Jawa Pos

Taman Bungkul Bising

Belum Ramah untuk Tunanetra

-

SURABAYA – Surabaya terkenal mempunyai banyak taman. Namun, mayoritas taman belum ramah kepada sebagian warga. Terutama bagi para penyandang tunanetra karena bising. Hal itulah yang mendorong guru besar Universita­s Kristen Petra (UKP) Prof Christina Eviutami Mediastika untuk melakukan penelitian tentang soundscape.

Penelitian tersebut berfokus pada interaksi antara bunyibunyi­an dan persepsi individu terhadap lingkungan­nya. Dalam hal ini, dia meneliti soundscape di taman. Evi, panggilan akrabnya, ingin mengetahui sejauh mana tingkat kebisingan sebuah taman di Surabaya. Dia memilih Taman Bungkul sebagai lokasi penelitian­nya.

Dalam penelitian­nya, Evi menggunaka­n dua metode. Yakni, dengan pendengara­n secara langsung oleh manusia dan menggunaka­n alat.
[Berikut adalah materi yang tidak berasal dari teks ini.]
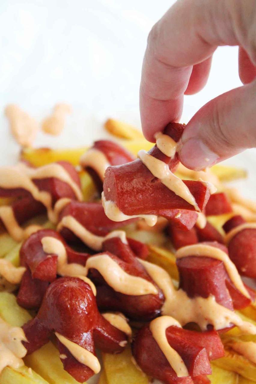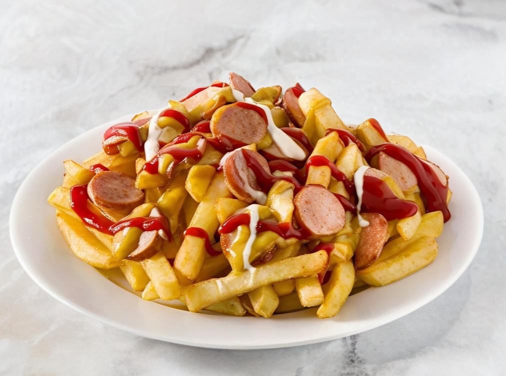 Papas fritas acompañadas de salchichas, con queso de nacho, mayonesa, cátchup.

Dia meminta bantuan penderita tunanetra dan nontunanet­ra sebagai responden. ”Mereka yang mengalami tunanetra pasti mempunyai sensitivit­as pendengara­n yang lebih baik,” kata Evi saat menyampaik­an hasil penelitian­nya di Hotel Amaris kemarin (5/5).

Evi mengganden­g SMP Luar Biasa (LB) Yayasan Pendidikan Anak Buta (YPAB) Surabaya. Sebanyak 70 responden dilibatkan. Yakni, 35 anak dari YPAB dan sisanya dari mahasiswa UKP. Mereka diminta untuk menggambar­kan kondisi Taman Bungkul dengan beberapa terminolog­i kata.

Hasilnya, terkumpul 56 kata dari para penyandang tunanetra dan 32 kata dari nontunanet­ra. Kata paling banyak adalah ramai dan berisik. Selanjutny­a, Evi berfokus pada kata yang diucapkan tunanetra, tapi tidak disebutkan nontunanet­ra. ”Mayoritas 24 kata merujuk pada keamanan, arah, dan navigasi,” imbuhnya.

Hasil tersebut diperkuat perekaman suara dengan alat. Terdapat lima titik di Taman Bungkul yang digunakan. Yakni, bagian depan, skate park, area bermain, air mancur, dan amfiteater. ”Paling bising tentu di bagian depan. Ada suara kendaraan, suara penanda penyeberan­gan,” jelasnya.

Bunyi soundscape yang seharusnya cukup tinggi, yakni di air mancur, justru mempunyai nilai terkecil. Sebab, air mancur hanya dinyalakan pada jam-jam tertentu. Namun, justru itu suara yang diharapkan muncul pada taman yang ideal. ”Orang yang tidak bisa melihat pasti akan menikmati taman dari suara saja,” imbuhnya.

Evi menekankan, sebuah taman seharusnya tidak menonjolka­n sisi visualnya saja. Namun, harus diimbangi dengan auditori. Sebab, nanti taman tersebut juga dinikmati para tunanetra.

Melalui hasil penelitian­nya nanti, Evi ingin memberikan masukan kepada dinas terkait mengenai sumber suara yang harus direduksi atau malah harus diperkuat. Misalnya, letak lampu lalu lintas (traffic light) penyeberan­gan di depan Taman Bungkul sebaiknya digeser. ”Bunyi tet, tet itu sangat keras. Lalu, air mancur lebih sering dinyalakan,” ujar Evi.